Dominican Republic–Haiti relations refers to the diplomatic relations between the Dominican Republic and the Republic of Haiti. Relations have long been hostile due to the substantial ethnic and cultural differences between the two nations and their sharing of the island of Hispaniola, part of the Greater Antilles archipelago in the Caribbean region. Living standards in the Dominican Republic are considerably higher than those in Haiti. The economy of the Dominican Republic is ten times larger than  that of Haiti.
The migration of impoverished Haitians and deep-set cultural differences have contributed to long-standing conflicts.

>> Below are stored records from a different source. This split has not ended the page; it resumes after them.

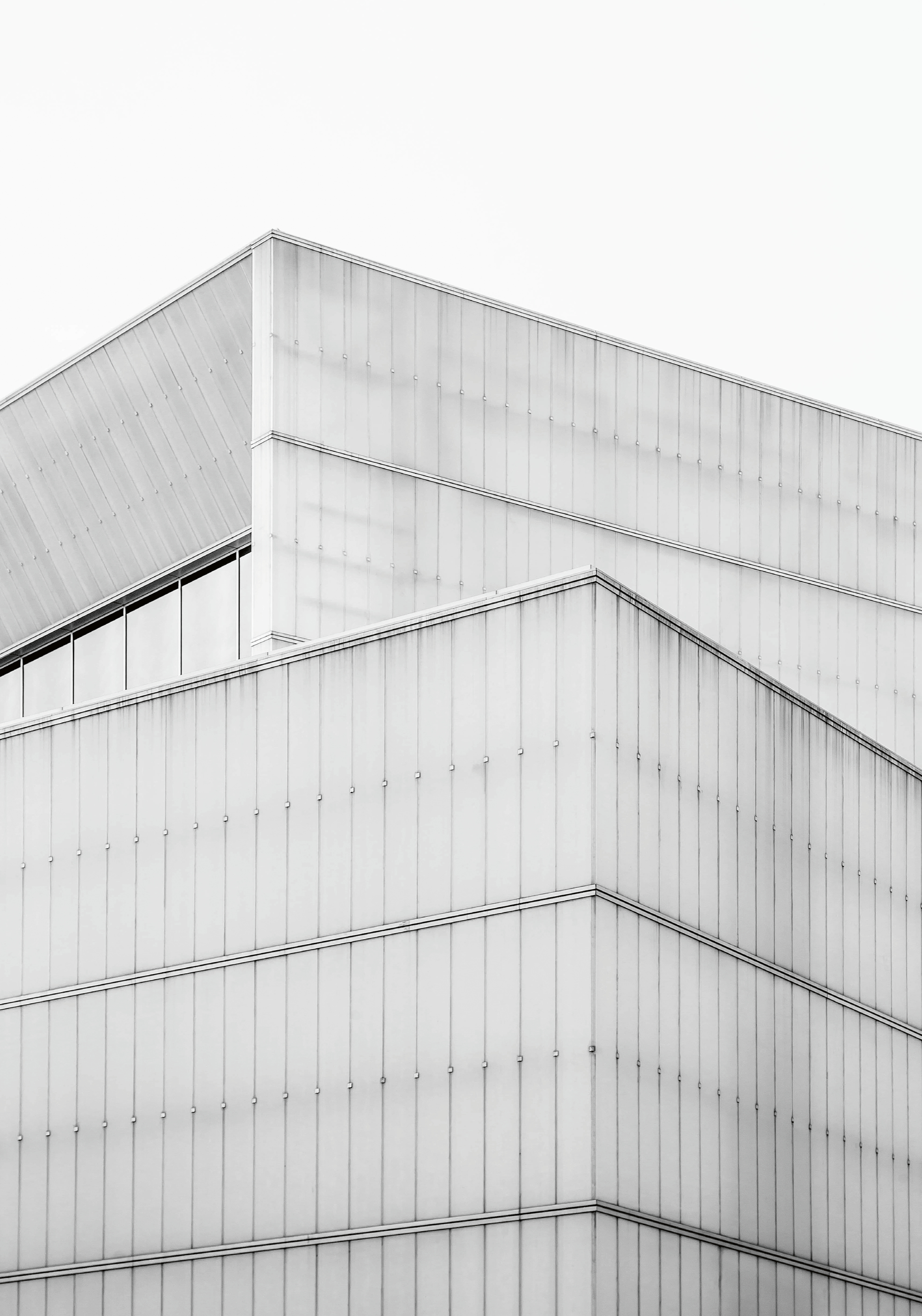 白いパネルと直線が美しい、モダンな建物のポスター。シンプルでスタイリッシュなデザインが、お部屋を洗練された空間に変えます。
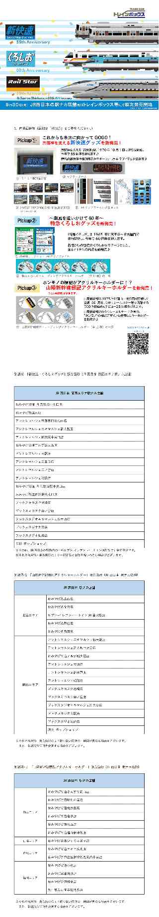 2025年 9月26日 ジェイアール西日本商事株式会社 祝「新快速」「くろしお」「ひかりレールスター」周年記念 9月30日より全14アイテムを新発売!! 2025年のJR西日本は「新快速」の運行開始55周年や「くろしお」運行開始60周年、700系E編成「ひかりレールスター」運行開始25周年など、お祝い事が目白押しな1年です! JR西日本の鉄道デザイングッズブランド「トレインボックス」では、新快速・特急くろしおを中心とした全14アイテムを2025年鉄道の日記念グッズとして新発売します! 通勤・通学・観光など、たくさんの想い出や日常を支えた列車の歴史をモチーフとしたグッズで、あの頃の風景を思い出してみてはいかがでしょうか。 1.商品画像等(詳細は「別紙B」をご参照ください。) Pickup@ これからも未来に向かってGOGO! 京阪神を支える新快速グッズを新発売! 京阪神を支える「新快速」は、1970年10月1日に運行を開始。 今年で55周年を迎えます♪ 歴代の新快速や種別表示をモチーフとした全7アイテムを新発売♪ @ ミニミニ種別表示幕 AJRWEST TRADINGCARD 新快速 SERIES Bマフラータオル CA4クリアファイル 2枚セット PickupA 〜潮風を追いかけて60年〜 特急くろしおグッズを新発売! 「特急くろしお」は1965年に天王寺〜名古屋間で運行開始し、今年で60周年を迎えます。 昔懐かしの歴代のくろしおをモチーフとした、全6アイテムの商品を新発売♪ @ 避難用リーフレット A4クリアファイル A 特急くろしおトレーディングアクリルキーホルダー(全10種)の一部 PickupB ホンモノの標記がアクリルキーホルダーに!? 山陽新幹線標記アクリルキーホルダーを新発売! ※16両編成は除きます。 山陽新幹線は1975年に岡山―博多間が開業して全通50周年、ひかりレールスター等で活躍する700系E編成もデビュー25周年を迎えます。 山陽新幹線のひかりレースルター・こだまの、”ホンモノ“の標記デザインを使用したキーホルダーを新発売♪ @ 山陽新幹線標記トレーディングアクリルキーホルダー(全10種)の一部 2.発売日 2025年9月30日(火)より順次発売開始 3.販売箇所 ・京都鉄道博物館ミュージアムショップ ・JR西日本の駅ナカ店舗(詳細別紙@A) ・ジェイアール西日本商事通販サイト「トレインボックス」 (https://www.trainbox.jp) ・JR西日本公式産直オンラインショップ「DISCOVER WEST mall」 (https://dwmall.westjr.co.jp/shop/default.aspx) ・トレインボックス WESTERモール店 (https://wester-mall.westjr.co.jp/) ※店舗によりお取り扱いのない場合がございます。 詳細は「別紙@A及び、別紙B商品詳細」をご参照ください。 ※サイト内検索ワード「新快速」&「特急くろしお」&「鉄道の日」 4.おしらせ ・JR西日本公式産直オンラインショップ「DISCOVER WEST mall」は、以下のリンクからアクセスいただけます。 https://dwmall.westjr.co.jp/shop/default.aspx ・内容・価格や販売箇所は変更する場合がございます。 また、急遽販売を終了する場合がございます。 ・記載の販売価格は、ECサイトでの税込価格となります。 (販売箇所によっては販売価格が異なる場合がございます。) ・発売日や商品の仕様は、予告なく変更する場合がございます。 ・販売箇所によって取扱商品が異なります。発売開始日に商品がご用意出来ていない場合もありますので、あらかじめご了承ください。 ・それぞれの画像はイメージ図です。実際と異なる場合がございます。 ・一部実際の車両・標記と異なる場合がございますので予めご了承ください。 ・以下の公式SNSでも当商品をご紹介いたします。 「トレインボックス」(ジェイアール西日本商事株式会社) Facebook :https://www.facebook.com/jrwtrading/ X(旧)Twitter:https://x.com/TRAIN_BOX Instagram :https://www.instagram.com/trainbox_jrwt/ |
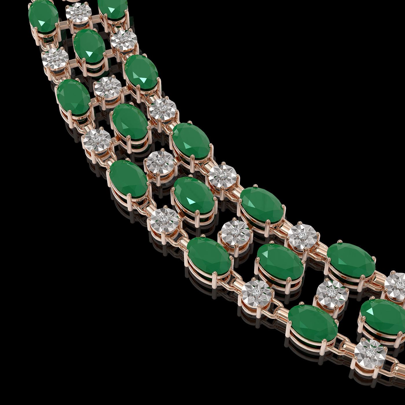 REF-527M3G - SKU: 62700 ---- 43.07 ctw Emerald & Diamond Necklace 10K Rose Gold
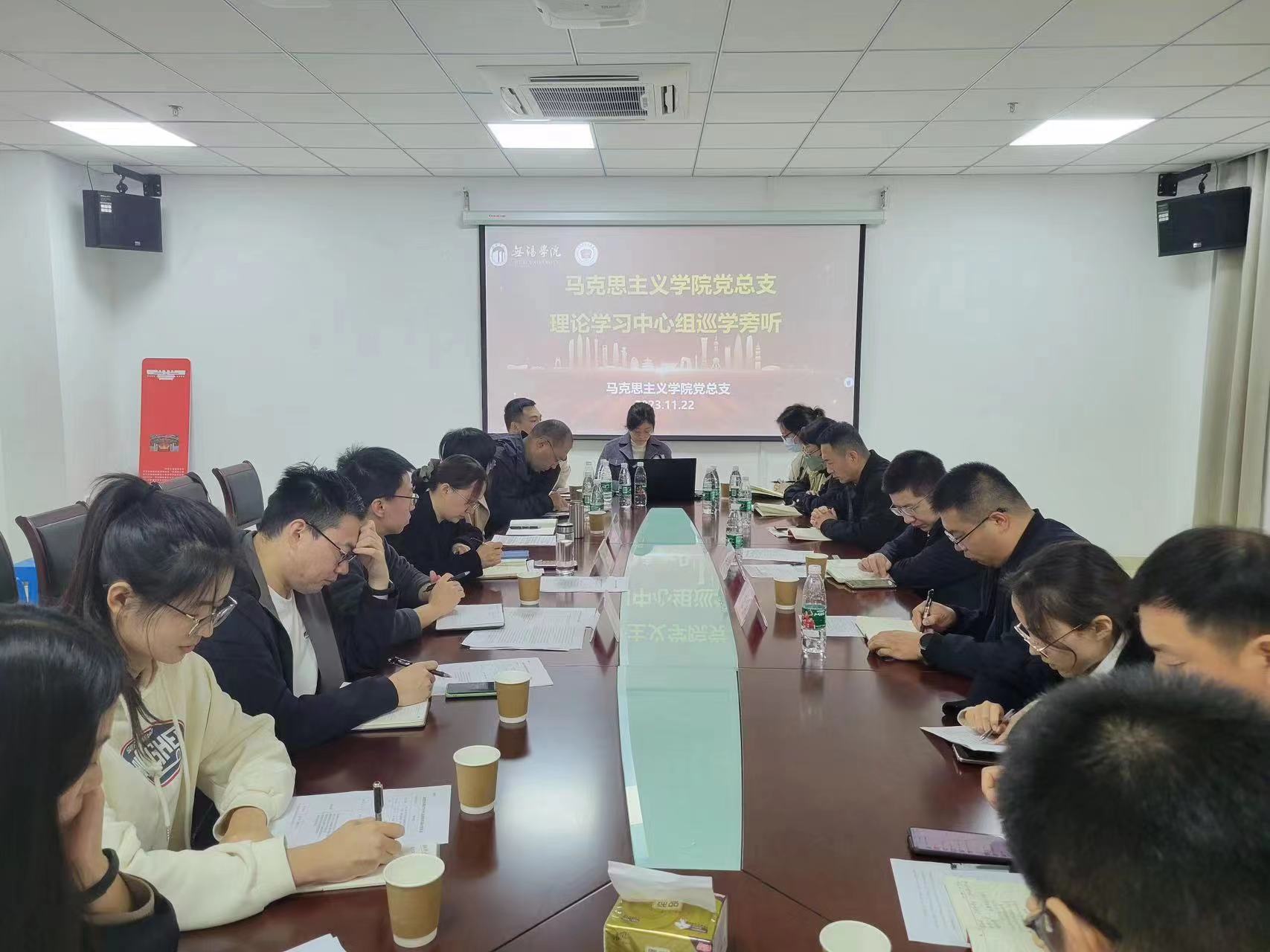 11月22日下午,马克思主义学院党总支理论学习中心组在尚真楼110会议室召开会议,专题学习党的二十大精神和全国宣传思想文化工作会议精神,副校长徐军海莅临马克思主义学院巡学旁听。会议由马克思主义学院副院长沈妉主持,学院党总支全体成员及教师代表参加了会议。
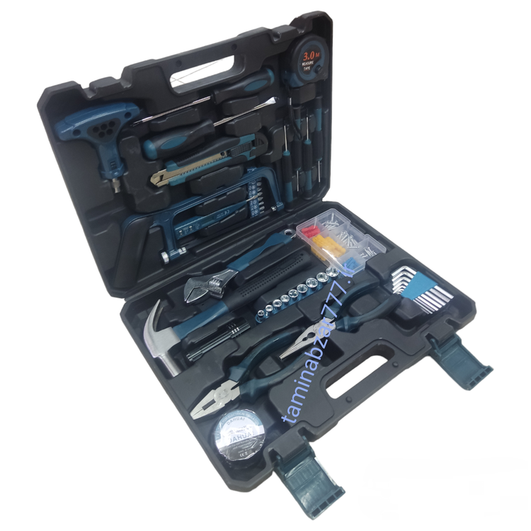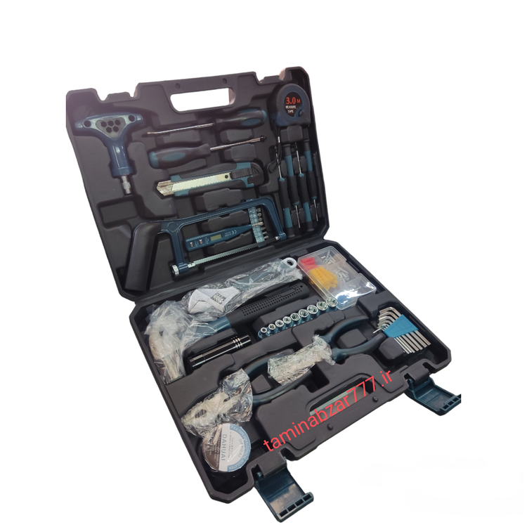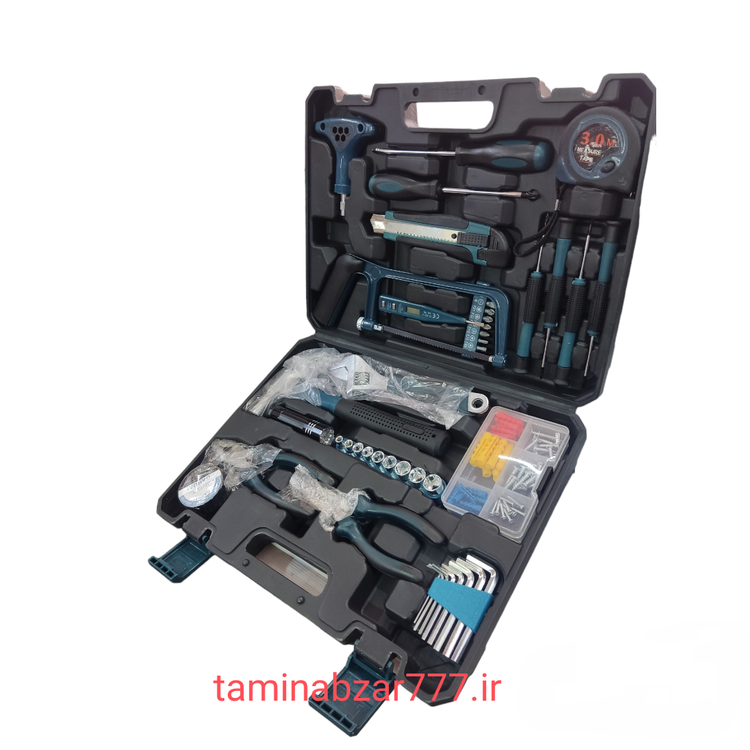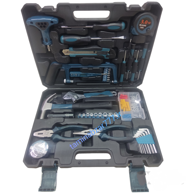 متر ،دو عدد پیچ گوشتی شامل چهار و دو سو ،چهار عدد پیچگوشتی ساعتی ،اره ،تعداد ۱۰ عدد سری پیچ گوشتی ،کاتر ،آچار ترکمتر ،ولت متر ،اچار فرانسه ،چکش ،چراغ قوه ،۹ عدد سری بکس ،انبردست ،دم باریک چسب ،۸ عدد آچار آلن ،انواع پیچ و ....
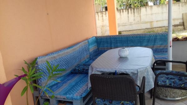 Nově zrekonstruované apartmány se nacházejí v prvním patře, v klidné oblasti, uprostřed zeleně, se nachází 10 minut chůze od centra města a 300 m od moře.

Tension arose on the island. This laid the foundation for the tension between the countries that subsequently became present-day Haiti and the Dominican Republic. Historical events led to   Dominicans and Haitians becoming culturally and ethnically different groups; however, both groups are considered to be both Latin American and Caribbean countries. After Haiti established its independence on January 1, 1804, as the First Empire of Haiti, ambitions to control the whole island accumulated amongst many Haitian rulers, which led to a 22-year military occupation of the east (1822–1844) and a series of invasions (1805–1857). Thus since 1804 many wars, border disputes, and stand-offs have occurred between the two countries. Notable events included the Beheadings of Moca in 1805 and the Parsley Massacre in 1937. In the 21st century, illegal Haitian immigration into the Dominican Republic keeps tensions high. Many Haitians migrate due to poverty and unrest in their own country.

Country comparison

History

European colonization
The island of Hispaniola is the site of the first permanent European settlement in the Americas, the Captaincy General of Santo Domingo established in 1493 by Christopher Columbus under Spain. The original inhabitants of the island were the Native Tainos, an indigenous group related to the Amazonian natives of  South America. The native Tainos suffered a population decline early on due to enslavement, warfare, and intermixing with the Spanish colonizers. When the Spanish Crown outlawed the enslavement of Natives in the island with the Laws of Burgos, slaves from West Africa and Central Africa were imported from the 16th to 18th centuries due to labor demands. These Africans eventually intermixed with the Europeans, Mestizos, and Natives creating a triracial Creole culture in Santo Domingo. The official name was La Española, meaning "The Spanish (Island)". It was also called Santo Domingo, after Saint Dominic. 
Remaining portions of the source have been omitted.